THIS
NOTICE DESCRIBES HOW MEDICAL INFORMATION ABOUT YOU MAY BE USED AND DISCLOSED
AND
HOW YOU CAN GET ACCESS TO THIS INFORMATION.
YOU HAVE READ AND UNDERSTAND THIS POLICY. OUR COMMITMENT
TO YOUR PRIVACY:
Our Commitment to Your Privacy:
Protection of a patient’s private health information is a matter of
great importance to us. Our practice is
dedicated to maintaining the privacy of your medical information. In conducting our business, we will create
records regarding you and the treatment and services we provide for you. We are required by law to provide you with
this notice of our legal duties and privacy practices that we maintain in our
practice. This notice outlines the
federal regulations for maintaining the privacy of your medical records.
HOW
WE MAY USE AND DISCLOSE HEALTH INFORMATION:
There are certain instances that we may use and disclose health information without an authorization. These are stated as follows:
* We may use and disclose health information for your treatment and to provide you with treatment-related services. For example
we may disclose health information to doctors, nurses, technicians, or other personnel (including people outside our office), who are involved in your medical care.
· We will use and disclose your health information to provide, coordinate, or manage your health care and any related services, eg coordination of care with your referring physician.

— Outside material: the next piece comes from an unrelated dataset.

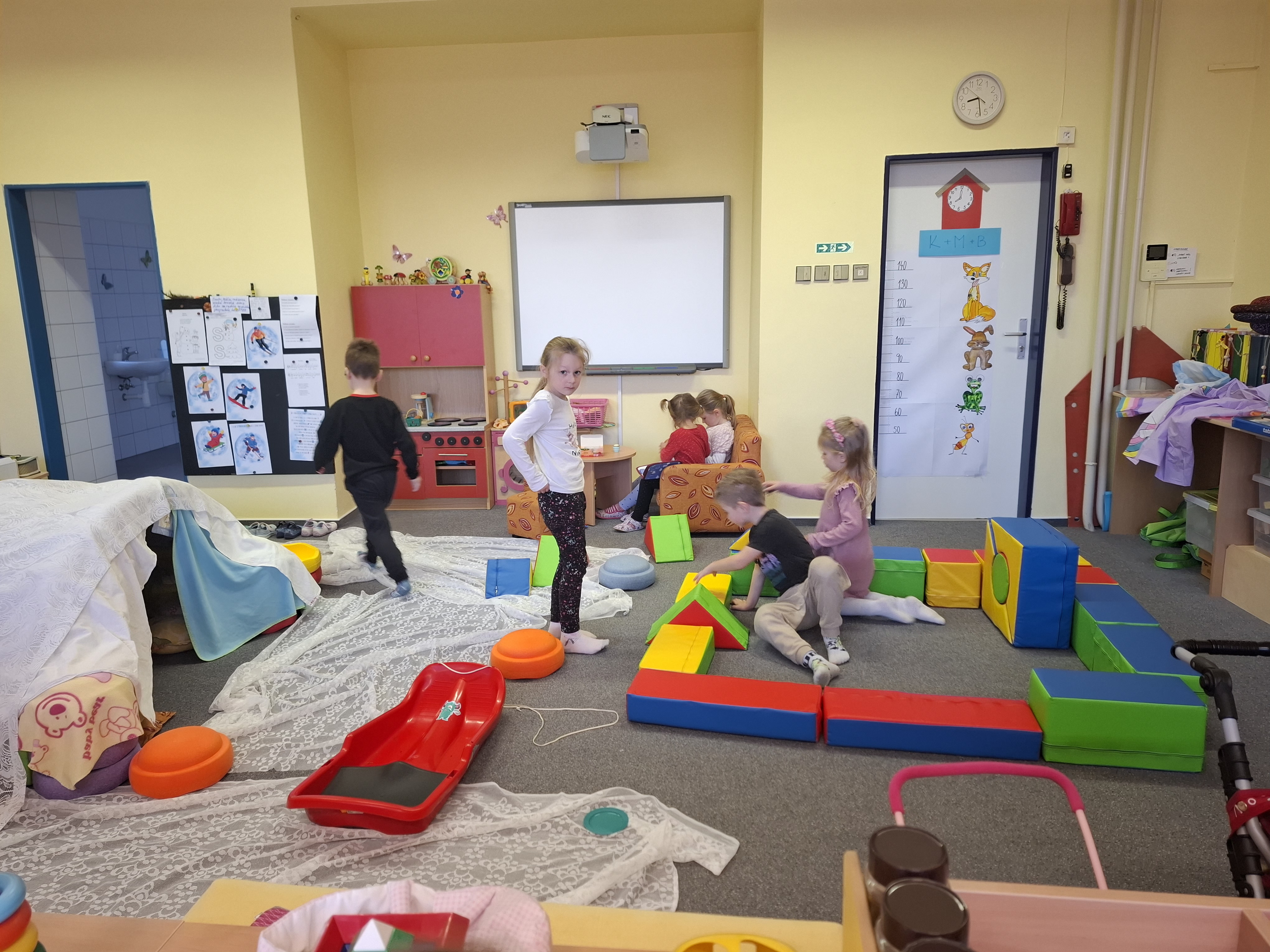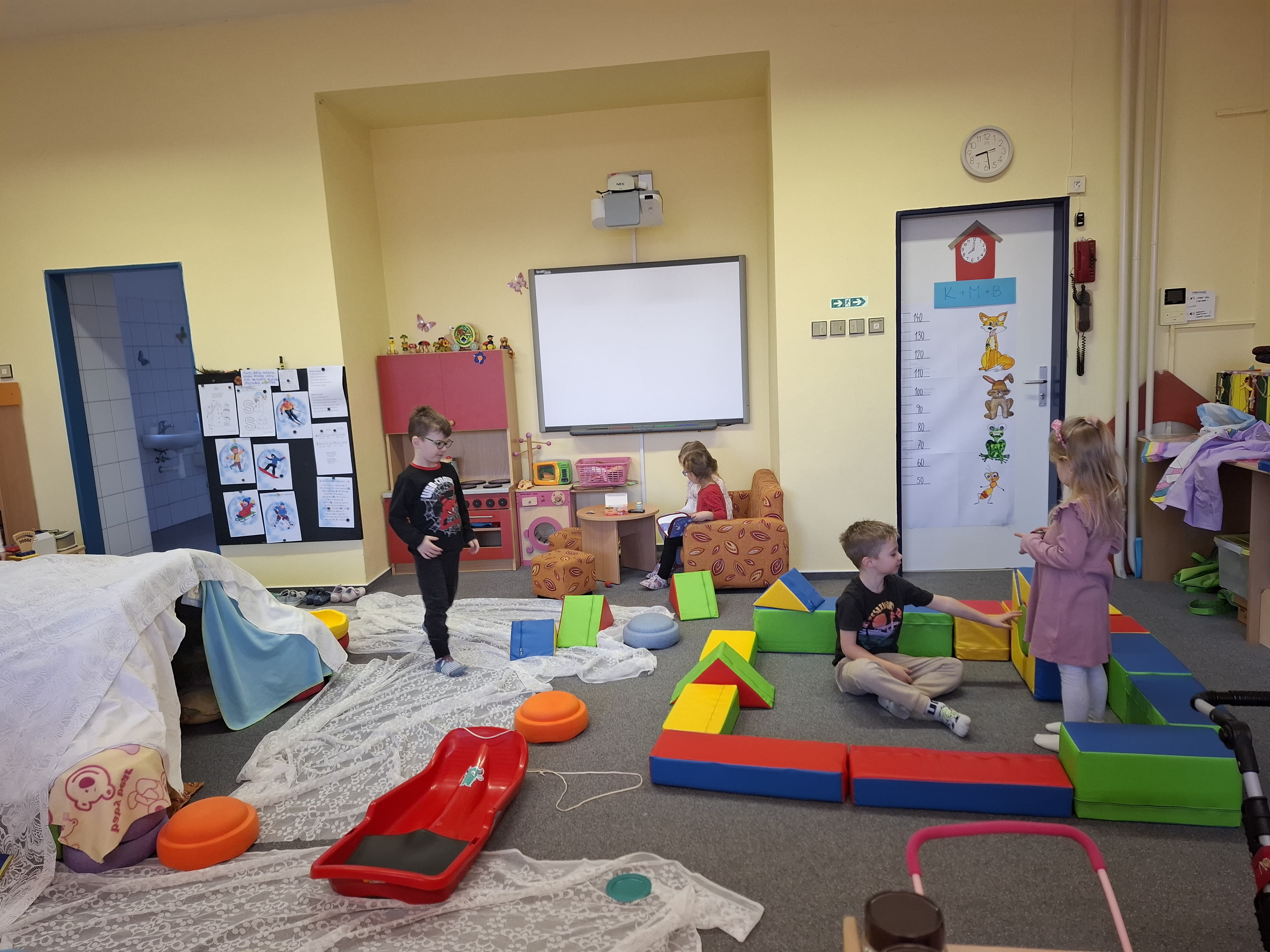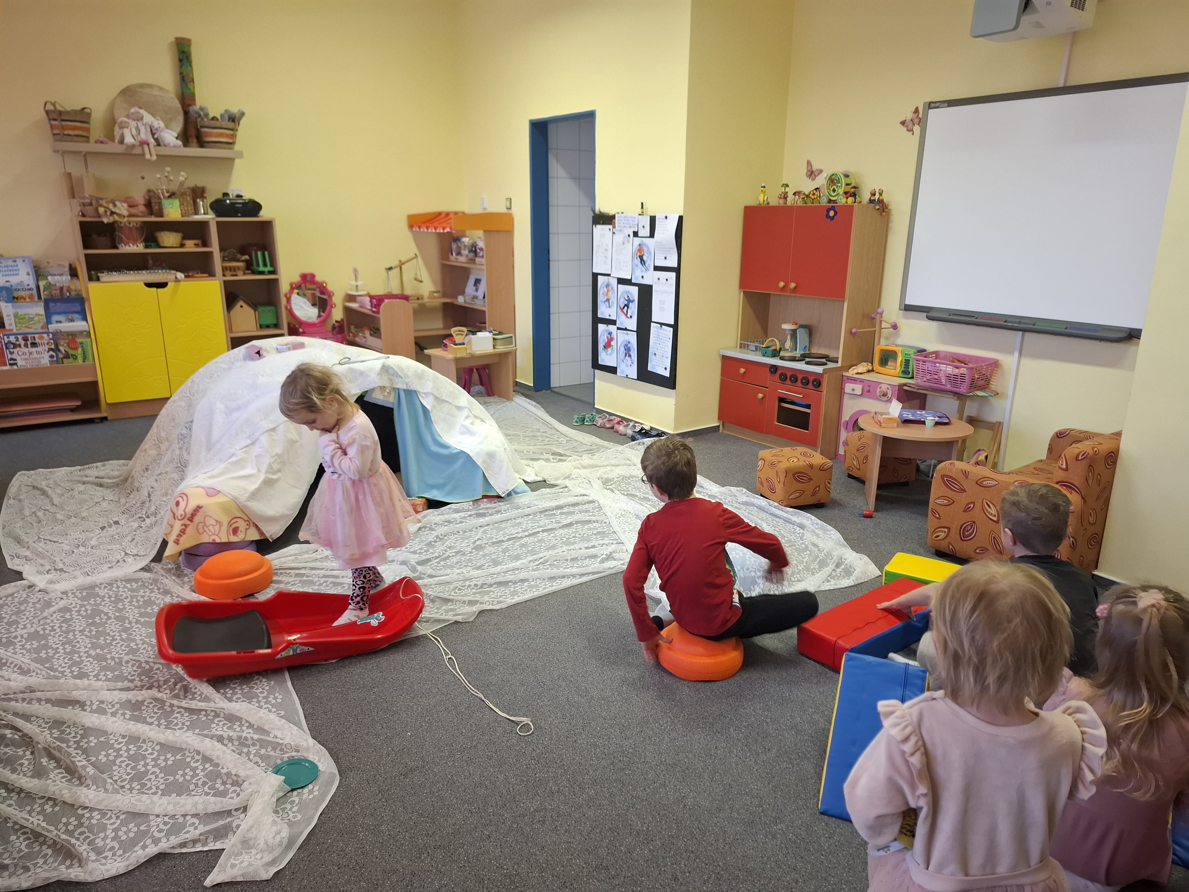 Protože sněhu nebylo dost na klasické koulování, poradili jsme si po svém. Ve školce jsme si postavili iglú a proměnili se v Eskymáky. Z papíru jsme mačkali „sněhové“ koule a s chutí jsme se s nimi koulovali. Nechybělo ani tvoření sněhuláků – s pomocí barev, papíru a vaty vznikali nejrůznější veselí sněhuláci, kteří nám teď zdobí prostory školky.

· Your health information will be used, as needed, to obtain payment for your health care services. Including, but not limited to activities your health insurance may undertake before it approves or pays for the health care services we recommend for you.

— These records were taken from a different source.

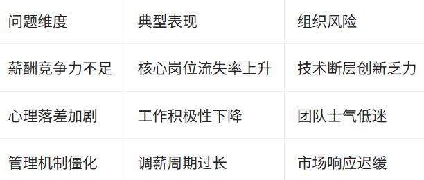 与此同时,员工对薪酬公平性的期望也在不断提升。信息渠道的开放让员工更容易获得行业薪酬数据,从而横向比对自身待遇,然而这种心理落差一旦形成,将持续影响员工的忠诚度和归属感,进而转化为消极的工作态度和主动流失意愿,这意味着央国企如果不能及时调整调薪机制、提升薪酬竞争力,势必面临团队士气下降、创新能力减弱、企业人才吸引力降低等一系列连锁反应。整体来看,调薪滞后已成为央国企人力资源管理亟需破解的核心难题。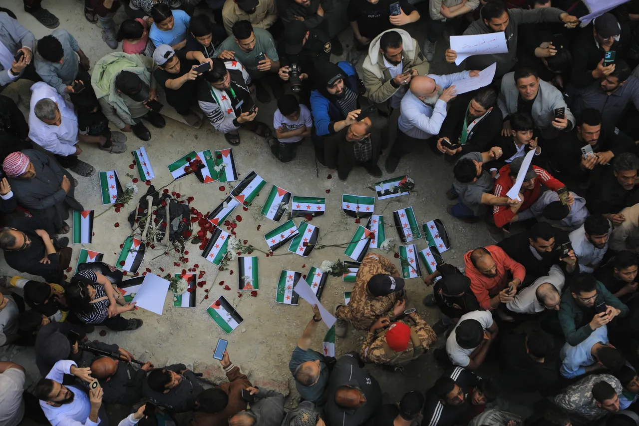 سكان التضامن في دمشق يرحبون باعتقال المجرم أمجد يوسف ويطالبون بمحاكمته في موقع المجزرة / AA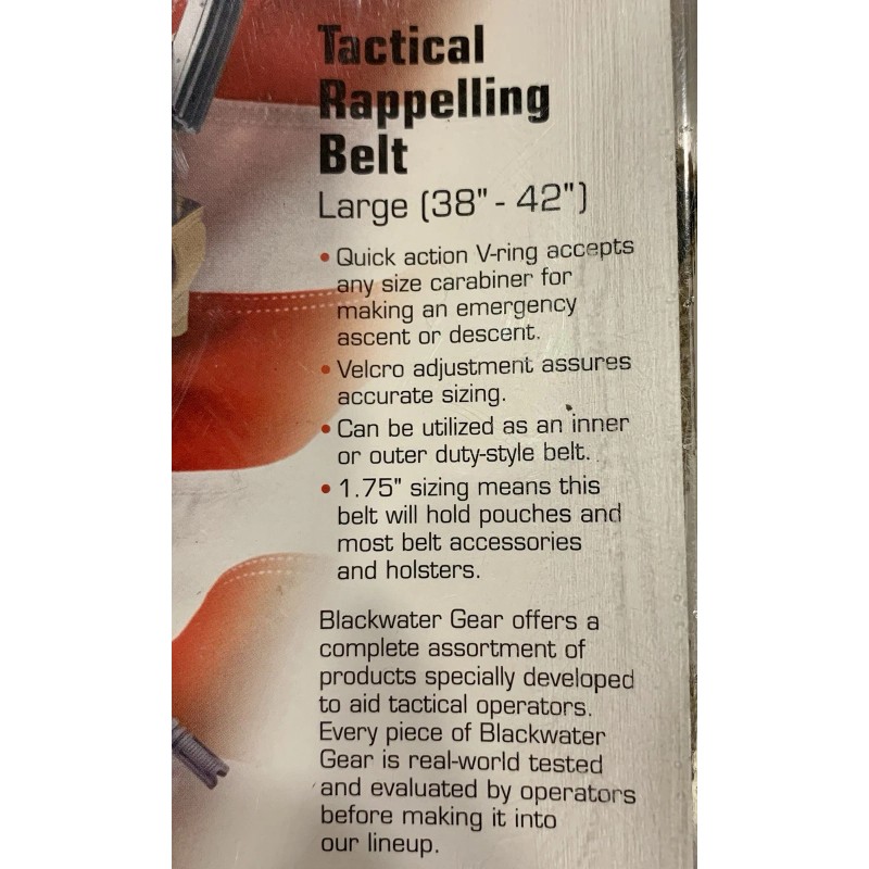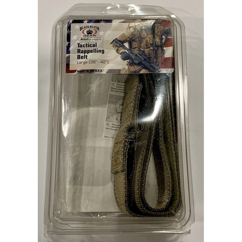 Brand new in the plastic box Blackwater Gear 1-3/4 Nylon Khaki Tactical Utility Rappelling Heavy Duty Belt, Size Large. Fits waists from 38-42”. Ships from a pet and smoke free home. Thanks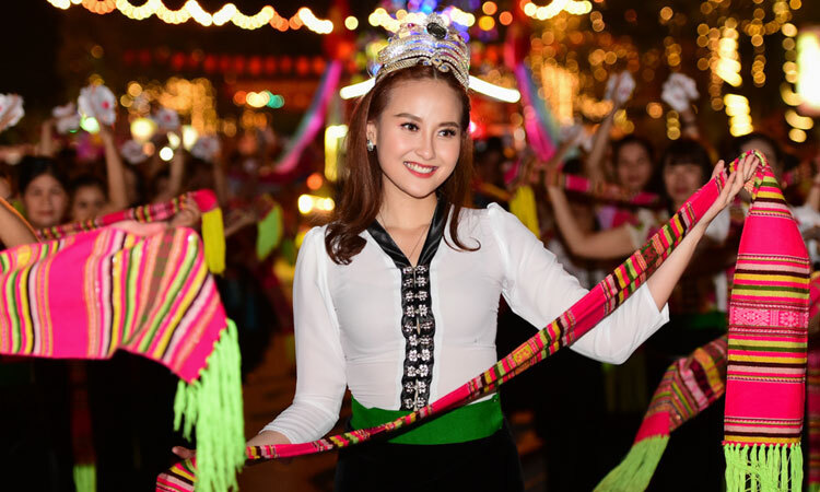 Cô tham gia buổi biểu diễn nổi tiếng của Thái Lan tại sân vận động Nghĩa Lộ (Yên Bái).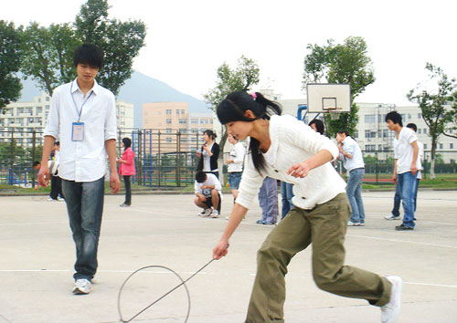 “滚铁环可以展示一个人控制一架简单机械的能力。铁环向前滚动,人在后面推动着它,它的运动被人所操纵。人既是动力,也是舵手,人就成了一个铁环的灵魂。”把这项项目引到大学校园中的工商系辅导员林香港老师兴奋地说,“滚铁环带来的快乐,高于单纯的奔跑。铁环的滚动,则好比赛车,场面火爆。场地上,大学生们大呼小叫,奔走如飞,不时地笑得旁边观众人仰马翻。”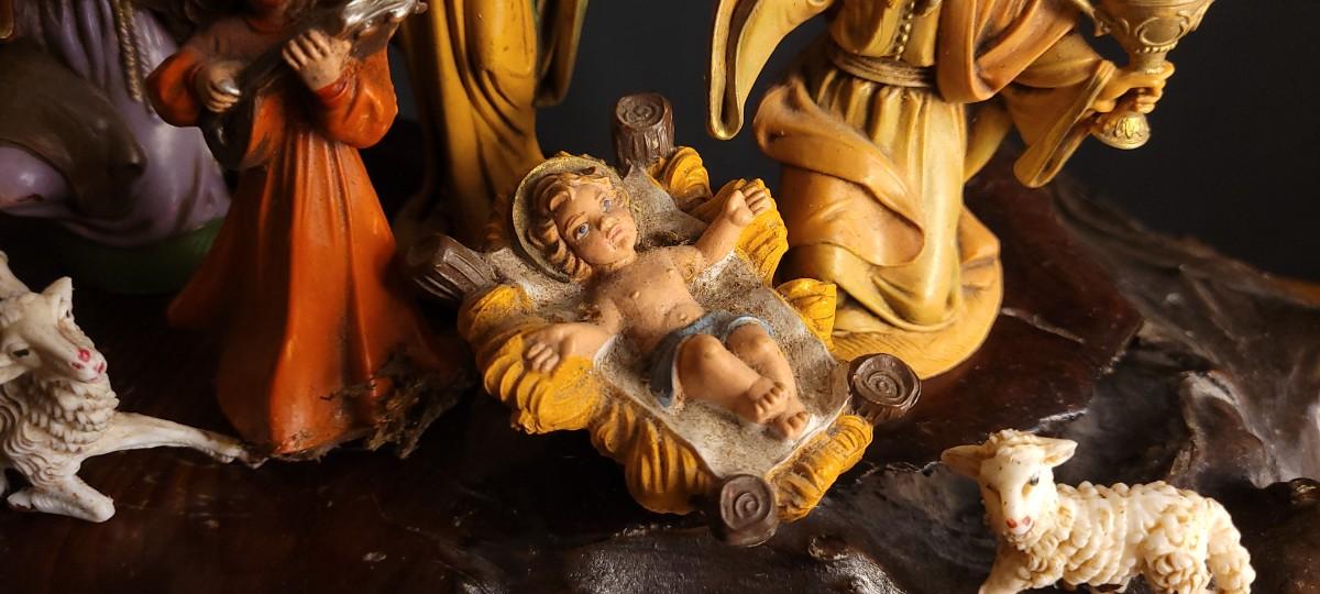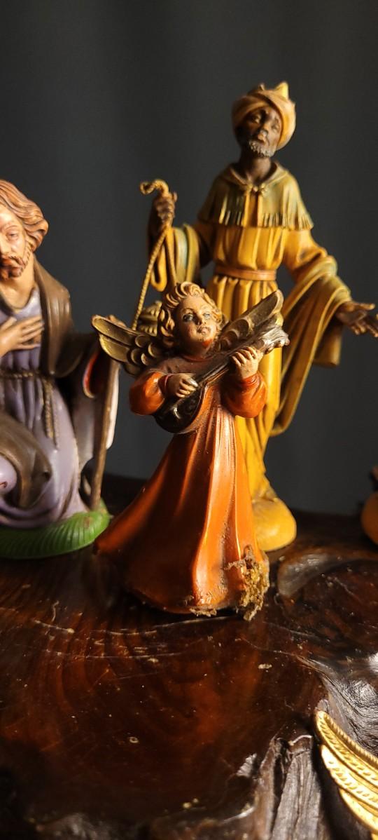 Great little Vintage Italian Manger Set with marking on the 3 Wisemen and the original sticker label retained on one.

· As required to support the business activities of this clinic. These activities include, but are not limited to, quality assessment activities, employee review activities, training of health care professionals, licensing, and credentialing.
· This clinic may contact you to make appointment reminders
·
We may also contact you regarding treatment
alternatives or other health-related benefits and services that may be
available.
Special Situations We are Required to Release Health Information
· As required by Law We will disclose health information when required to do so by international, federal, state or local law.
· Public Health Risks A public health authority that is authorized by law to collect or receive information for the purpose of preventing or controlling disease, injury, or disability; including, but not limited to the report of birth or death.
·
To Avert
a Serious Threat to Health or Safety.
A public health authority or other appropriate government authorized by
law to receive reports of child abuse or neglect. A government authority, including a social
service or protective services agency, authorized by law to receive such
reports, on neglect or domestic violence.
·
Government
Activities. The Food and Drug Administration to report adverse events,
product defects or problems, enable product recalls, repairs, or replacement.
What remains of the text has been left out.